[Data extracted from a collection]
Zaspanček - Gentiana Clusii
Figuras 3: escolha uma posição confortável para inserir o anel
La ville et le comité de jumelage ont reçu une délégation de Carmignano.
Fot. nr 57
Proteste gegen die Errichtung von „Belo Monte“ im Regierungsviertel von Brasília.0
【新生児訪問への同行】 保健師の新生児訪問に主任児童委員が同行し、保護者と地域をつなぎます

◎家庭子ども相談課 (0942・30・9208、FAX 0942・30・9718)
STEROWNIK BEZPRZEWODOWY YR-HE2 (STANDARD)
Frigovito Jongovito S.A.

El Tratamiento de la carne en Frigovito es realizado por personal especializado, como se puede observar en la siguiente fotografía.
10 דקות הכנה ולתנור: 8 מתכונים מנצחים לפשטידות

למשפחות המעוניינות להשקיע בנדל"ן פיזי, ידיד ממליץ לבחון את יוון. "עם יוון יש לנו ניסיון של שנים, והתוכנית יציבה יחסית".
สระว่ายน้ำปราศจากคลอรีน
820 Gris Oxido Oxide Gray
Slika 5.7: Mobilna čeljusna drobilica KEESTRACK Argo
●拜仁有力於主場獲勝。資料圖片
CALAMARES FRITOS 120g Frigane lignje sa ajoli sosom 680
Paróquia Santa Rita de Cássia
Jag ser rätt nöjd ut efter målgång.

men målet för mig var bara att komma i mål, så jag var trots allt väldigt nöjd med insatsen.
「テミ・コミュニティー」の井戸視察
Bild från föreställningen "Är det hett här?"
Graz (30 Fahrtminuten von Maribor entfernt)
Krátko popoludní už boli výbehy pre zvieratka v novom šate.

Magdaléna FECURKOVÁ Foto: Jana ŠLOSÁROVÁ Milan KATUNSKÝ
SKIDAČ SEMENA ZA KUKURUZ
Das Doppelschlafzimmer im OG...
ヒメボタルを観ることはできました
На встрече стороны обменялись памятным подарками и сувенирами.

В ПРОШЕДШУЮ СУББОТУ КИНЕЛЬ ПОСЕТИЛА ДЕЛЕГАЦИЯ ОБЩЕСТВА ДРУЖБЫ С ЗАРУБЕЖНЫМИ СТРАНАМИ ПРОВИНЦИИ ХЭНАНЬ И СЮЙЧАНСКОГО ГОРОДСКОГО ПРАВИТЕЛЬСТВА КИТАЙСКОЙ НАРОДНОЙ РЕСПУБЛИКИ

#### [TASK GOAL]
Using the data above, transcribe the lines that run from the line with "Proteste gegen die" to the line with "Frigovito Jongovito S.A.", both ends kept, and output nothing else.

#### [ANSWER FOR THE TASK]
Proteste gegen die Errichtung von „Belo Monte“ im Regierungsviertel von Brasília.0
【新生児訪問への同行】 保健師の新生児訪問に主任児童委員が同行し、保護者と地域をつなぎます

◎家庭子ども相談課 (0942・30・9208、FAX 0942・30・9718)
STEROWNIK BEZPRZEWODOWY YR-HE2 (STANDARD)
Frigovito Jongovito S.A.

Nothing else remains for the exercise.